Simplifying the Function: After canceling the common factor, we have:
f(x) = x - 3, for x ≠ 2
Now, let's try direct substitution again with our simplified function:
Direct Substitution (Again): Substitute x = 2 into f(x) = x - 3:
f(2) = 2 - 3 = -1
Conclusion: Therefore, lim (x→2) (x² - 5x + 6) / (x - 2) = -1. By factoring and simplifying the function, we were able to avoid the indeterminate form and evaluate the limit successfully. This example showcases how algebraic manipulation can be a powerful tool in finding limits.
Key Takeaway: When you encounter an indeterminate form (like 0/0), don't give up! Try factoring, simplifying, or other algebraic techniques to rewrite the function in a form where direct substitution works.
(iii) lim (x→∞) (2x²) / (3x² - 8x - 15)
Our next challenge involves evaluating a limit as x approaches infinity: lim (x→∞) (2x²) / (3x² - 8x - 15). When dealing with limits at infinity, we're interested in the function's behavior as x becomes extremely large. Direct substitution won't work here because infinity isn't a number we can simply plug in.
Identifying the Highest Power: The key to evaluating limits at infinity for rational functions (ratios of polynomials) is to identify the highest power of x in the denominator. In this case, it's x².
Dividing by the Highest Power: We'll divide both the numerator and the denominator by x²:
((2x²) / x²) / ((3x² - 8x - 15) / x²)
This simplifies to:
2 / (3 - (8/x) - (15/x²))
Now, let's consider what happens as x approaches infinity. The terms 8/x and 15/x² will approach zero because a constant divided by an increasingly large number becomes infinitesimally small.
Evaluating the Limit: As x → ∞, 8/x → 0 and 15/x² → 0. So, our expression becomes:
2 / (3 - 0 - 0) = 2 / 3
Conclusion: Therefore, lim (x→∞) (2x²) / (3x² - 8x - 15) = 2/3. This means that as x gets larger and larger, the function approaches the value 2/3. Dividing by the highest power of x is a standard technique for evaluating limits at infinity for rational functions.
General Rule: For rational functions, if the highest powers in the numerator and denominator are the same, the limit at infinity is the ratio of the leading coefficients. In this case, the leading coefficients were 2 (from 2x²) and 3 (from 3x²), so the limit was 2/3.
(iv) lim
Unfortunately, the provided question is incomplete as the expression for the fourth limit (iv) is missing. To properly evaluate a limit, we need the full expression, including the function and the value that x is approaching.
However, let's discuss some general strategies for tackling different types of limits:
- Direct Substitution: Always try this first. If it yields a definite value, you're done.
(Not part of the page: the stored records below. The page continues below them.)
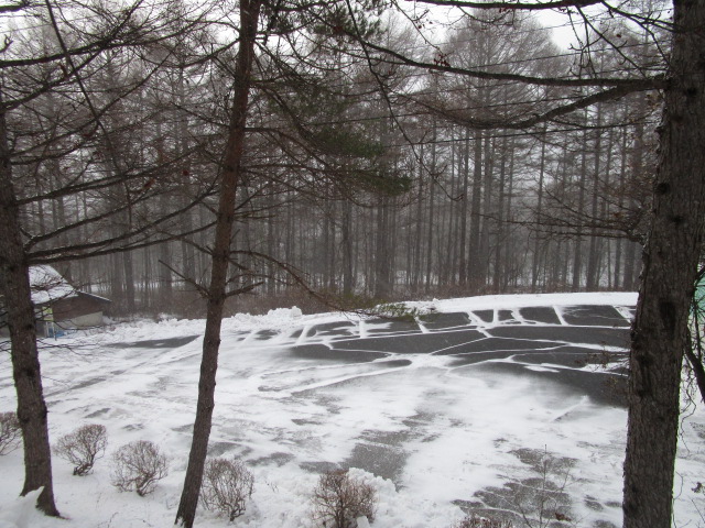 昨日降った雪が解けて気温の低下で凍ってしまい、別荘地内道路状況が悪くなっています。そして今、また雪が降ってきました。天気予報では、明日昼頃までデッカイ雪だるまになっています。雪の下は凍ってツルツルなので、お気をつけください。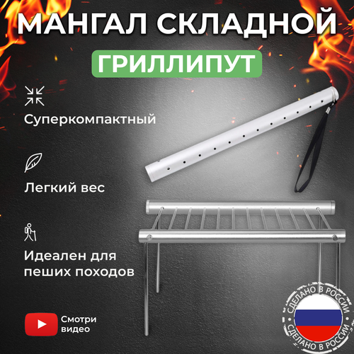 Раскладной компактный походный мангал-гриль "Grilliput" для дачи, туризма, рыбалки, охоты и пикника.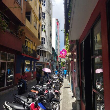 The capital of the Maldives is strikingly different from the other islands. Crowded, cramped — while the rest of the islands are freedom and open space. Here it’s a swarm of scooters shooting out from everywhere like jack-in-the-boxes. Narrow sidewalks, tight passages, even inside shops. Noisy, packed. No wonder — 200 thousand people squeezed into 7 km²! In some places it’s dirty, trash around, even in the sea, especially near the cargo harbor. Probably similar to India or Bangladesh. But this “other side” of the Maldives exists only in the backstreets of Malé.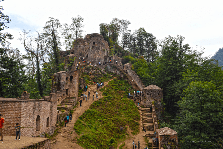 É preciso atravessar uma rota sinuosa e montanhosa em florestas densas para chegar a este castelo único e muito bonito. O Castelo Rudkhan, de 2,6 hectares, fica nos dois cumes de uma montanha que se estende por 1.550 metros. É um complexo militar e suas 42 torres ainda estão intactas.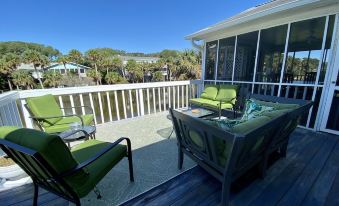 EDISTO BEACH! Partial Ocean View. Screened porch. Block to beach. 1900 sq. Ft. 4 bed Fenced yard, Waterfront with dock! Walk across street to the Atlantic Ocean, Entrance #3. Screened porch Pet friendly. Private cul de sac. no thru traffic. Safe area for kids on bikes. Walkable to restaurants, grocery store, & ice cream shop. Lagoon in back for fishing and crabbing. XFINITY FAST WIFI, DOG FRIENDLY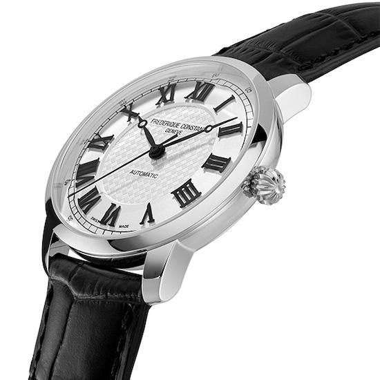 クラシカルエレガントを象徴するベーシックモデル。クリスタルケースバックからは搭載したラジューペレのムーブメントが覗きます。時・分針はブレゲ針、カーブする文字盤に沿うようにローマン数字インデックスを植字、中央には段差をつけてギョーシェ装飾をあしらいました。奥行のある凝った仕上げを施した上品なクラシカルウォッチです。

- Factoring and Simplifying: If you get an indeterminate form like 0/0, try factoring, canceling common factors, or simplifying the expression algebraically.
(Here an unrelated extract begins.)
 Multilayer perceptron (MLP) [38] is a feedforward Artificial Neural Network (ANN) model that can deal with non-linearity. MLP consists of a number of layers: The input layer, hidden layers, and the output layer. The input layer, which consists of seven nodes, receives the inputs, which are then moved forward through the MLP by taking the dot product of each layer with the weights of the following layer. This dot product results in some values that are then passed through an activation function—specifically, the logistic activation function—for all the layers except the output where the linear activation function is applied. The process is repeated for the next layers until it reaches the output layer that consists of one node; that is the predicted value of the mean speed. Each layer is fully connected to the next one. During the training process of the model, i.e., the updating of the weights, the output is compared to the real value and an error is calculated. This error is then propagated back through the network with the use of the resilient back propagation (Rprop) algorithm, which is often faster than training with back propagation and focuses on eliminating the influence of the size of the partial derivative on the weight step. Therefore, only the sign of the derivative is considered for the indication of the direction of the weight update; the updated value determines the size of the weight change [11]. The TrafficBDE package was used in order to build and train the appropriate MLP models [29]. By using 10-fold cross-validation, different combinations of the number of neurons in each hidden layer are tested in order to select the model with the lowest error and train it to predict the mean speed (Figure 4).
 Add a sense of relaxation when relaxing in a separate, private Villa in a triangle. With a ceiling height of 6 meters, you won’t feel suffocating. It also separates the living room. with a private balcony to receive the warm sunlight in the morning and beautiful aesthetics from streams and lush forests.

- Rationalizing the Numerator or Denominator: If you have square roots, multiplying by the conjugate can help eliminate indeterminate forms.
- Limits at Infinity: Divide by the highest power of x in the denominator for rational functions.
- L'Hôpital's Rule: For indeterminate forms like 0/0 or ∞/∞, L'Hôpital's Rule can be applied (differentiate the numerator and denominator separately and then take the limit).
- Squeeze Theorem: If you can bound your function between two other functions that have the same limit, your function must also have that limit.
Once the complete expression for the fourth limit is provided, we can apply these techniques to find its value.
Final Thoughts: Evaluating limits is a crucial skill in calculus, forming the foundation for concepts like derivatives and integrals. By mastering these techniques, you'll be well-equipped to tackle more advanced topics. Keep practicing, and don't hesitate to revisit these methods as needed. Good luck, and happy calculating!